He crecido en esta ciudad que vuelve y va como las olas, en el tiempo. Una ciudad fuerte, sólida en sus costumbres, orgullosa de su identidad, una urbe a prueba de estaciones, olvidos, plena de tradiciones. Basta mirarse por dentro, en cualquier latitud del planeta, para sentir cómo bulle bajo nuestra piel, el amor por la ciudad donde nos hemos visto crecer.

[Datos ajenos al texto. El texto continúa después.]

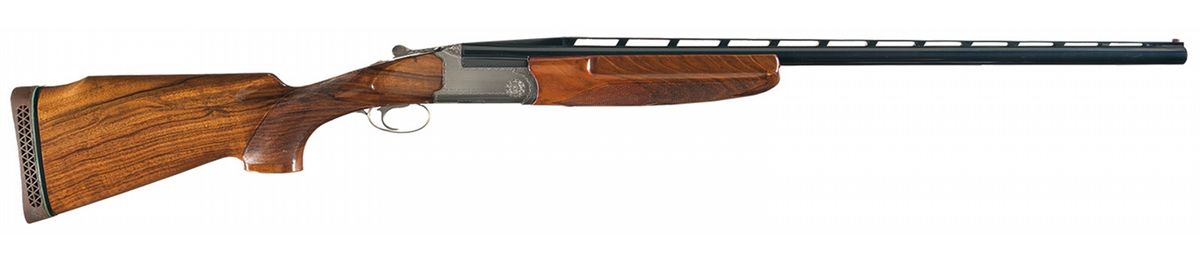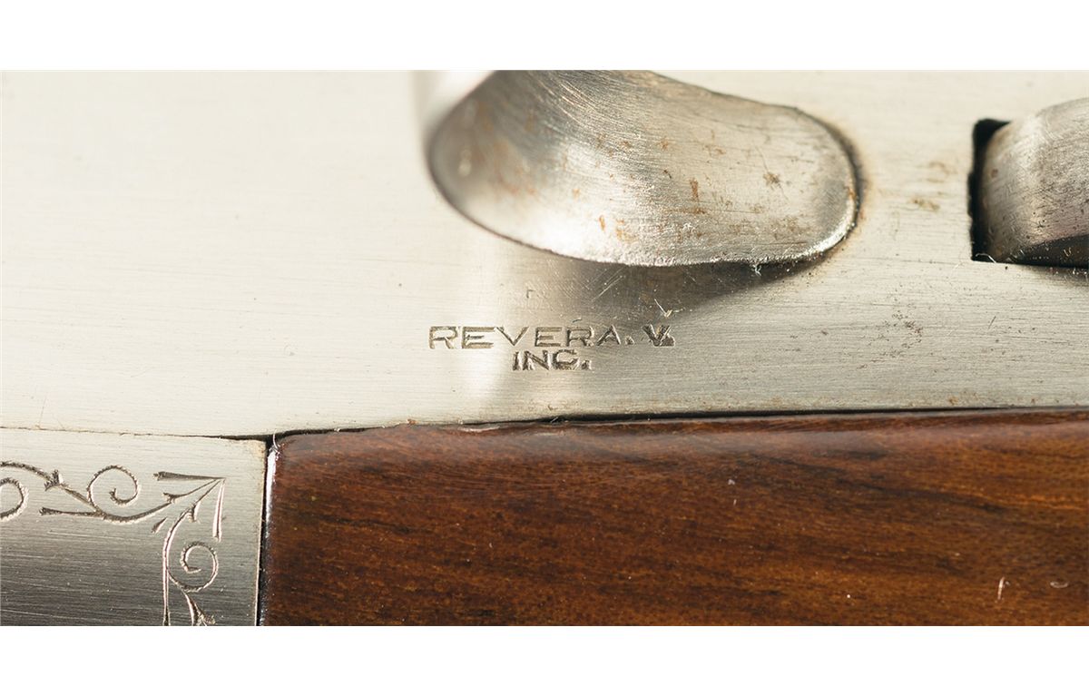 Manufactured in 1978. There is beautifully executed floral scroll and rose bouquet engraving on and around the hinge pin. The top of the receiver and break lever are engraved with floral scroll designs. There is a decorative border engraved around the outside edge of the receiver. The trigger plate is signed "Revera V./Inc.". The barrel has a single red fiber optic sight, is choked extra full and has a 2 3/4 inch chamber with extractor. Mounted on a nicely figured, multi-point checkered walnut forearm and pistol grip stock with raised comb and recoil pad. Length of pull is 14 1/2 inches.

En las noches la ciudad de La Habana es tibia como el vientre de una mujer seducida. Pero no es peligrosa. Se advierte en su respiración contenida de esta capital que alimenta un enjambre de esperanzas y de sueños. Por ejemplo, me sumerjo en la calle Obispo, en un torrente de personas que fluye hacia el centro de la parte colonial. Observo los lentes de quienes la visitan y escanean cada pulsar de sus barrios y recovecos.
No es difícil entender esa “locura” de amor por La Habana cuando se la conoce. De lo contrario no seríamos cuerdos y estaríamos divinamente locos sin reírnos de nuestros problemas y enfrentarlos. Lo sé, porque siento la voz de La Habana, cuánto me susurra cuando navego en sus calles despellejadas por el sol, la lluvia, entre el recuerdo de edificios donde ahora surgen espacios de luz y encuentro miles de recuerdos, mientras surfeo desde la presencia que la identifica y “cibernizo” nuevas imágenes habaneras en busca de un motivo para mis crónicas nocturnas.
Hoy vuelvo a recorrer La Habana para hacer un selfi y más bien la releo, entre cada una de sus calles y avenidas que puedo conocer de memoria, salvo que la ciudad es cada día otra y otra, hasta el infinito.